WHAT IS NEEDED: In your copy of the data, include no pictures and alter nothing else.

___ INFORMATION SUPPLIED ___

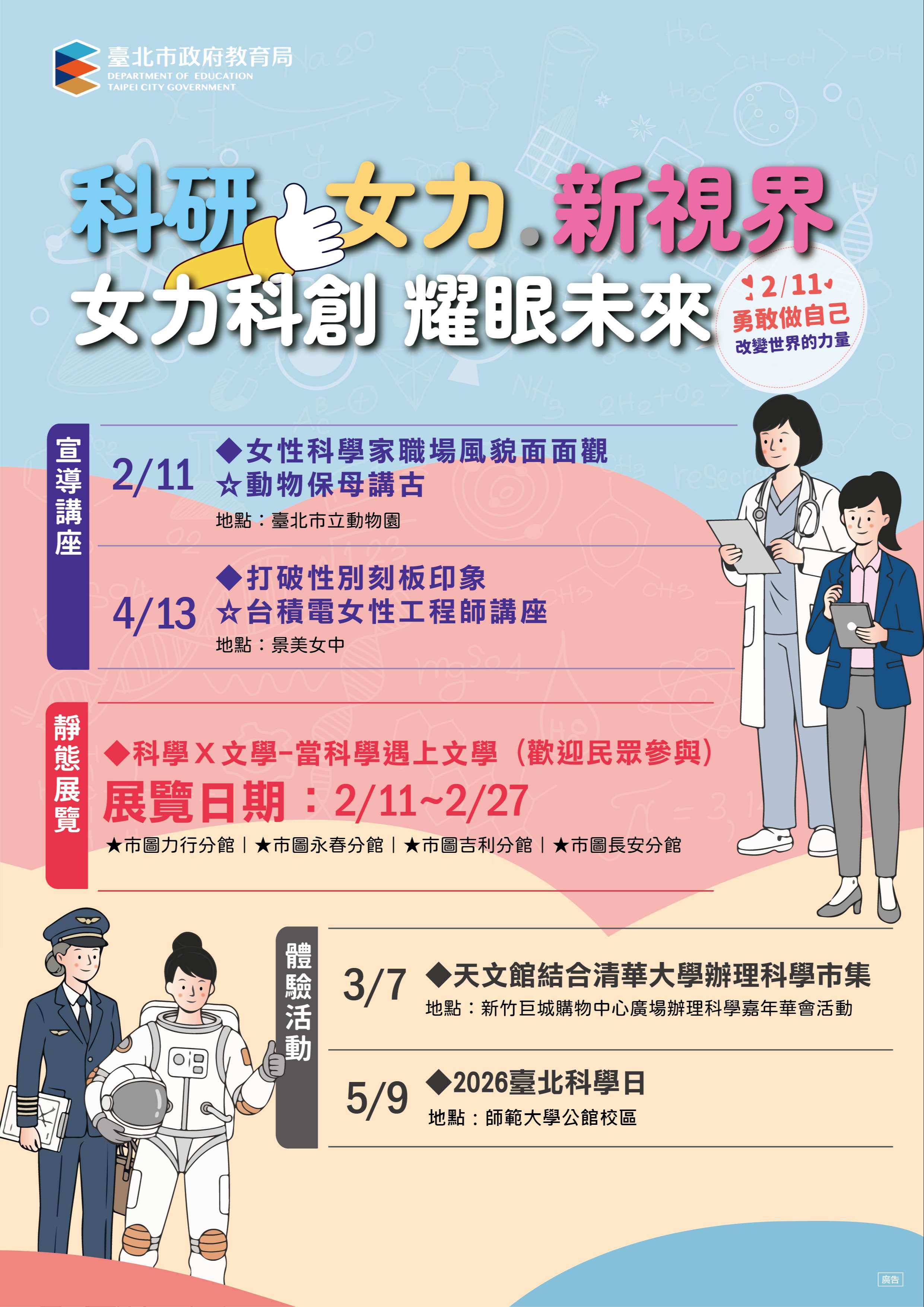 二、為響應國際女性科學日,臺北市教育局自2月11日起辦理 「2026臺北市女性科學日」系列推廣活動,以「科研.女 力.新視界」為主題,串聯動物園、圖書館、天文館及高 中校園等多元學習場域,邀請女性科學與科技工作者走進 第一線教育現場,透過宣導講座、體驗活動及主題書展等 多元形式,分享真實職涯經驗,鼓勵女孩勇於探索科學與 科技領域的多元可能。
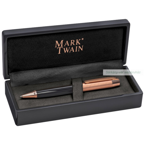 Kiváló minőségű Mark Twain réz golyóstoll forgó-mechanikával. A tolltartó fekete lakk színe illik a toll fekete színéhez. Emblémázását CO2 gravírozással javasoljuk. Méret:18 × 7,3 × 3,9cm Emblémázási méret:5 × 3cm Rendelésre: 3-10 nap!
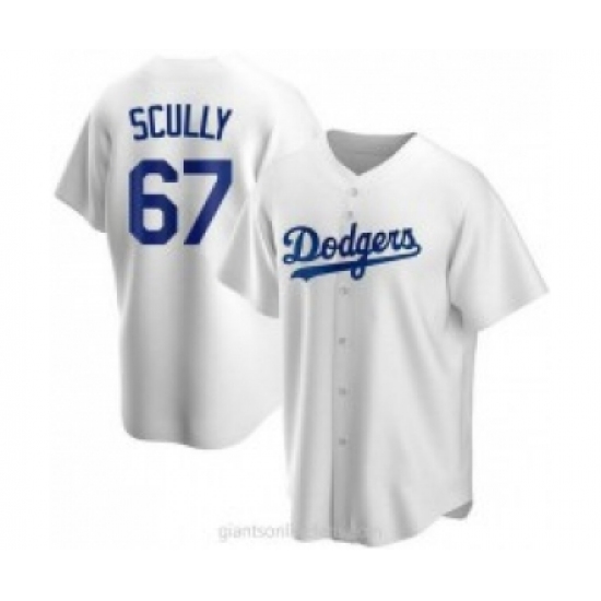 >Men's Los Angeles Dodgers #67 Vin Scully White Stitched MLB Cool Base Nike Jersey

___

RESULT FOR THIS EXERCISE:
 二、為響應國際女性科學日,臺北市教育局自2月11日起辦理 「2026臺北市女性科學日」系列推廣活動,以「科研.女 力.新視界」為主題,串聯動物園、圖書館、天文館及高 中校園等多元學習場域,邀請女性科學與科技工作者走進 第一線教育現場,透過宣導講座、體驗活動及主題書展等 多元形式,分享真實職涯經驗,鼓勵女孩勇於探索科學與 科技領域的多元可能。
 Kiváló minőségű Mark Twain réz golyóstoll forgó-mechanikával. A tolltartó fekete lakk színe illik a toll fekete színéhez. Emblémázását CO2 gravírozással javasoljuk. Méret:18 × 7,3 × 3,9cm Emblémázási méret:5 × 3cm Rendelésre: 3-10 nap!
 >Men's Los Angeles Dodgers #67 Vin Scully White Stitched MLB Cool Base Nike Jersey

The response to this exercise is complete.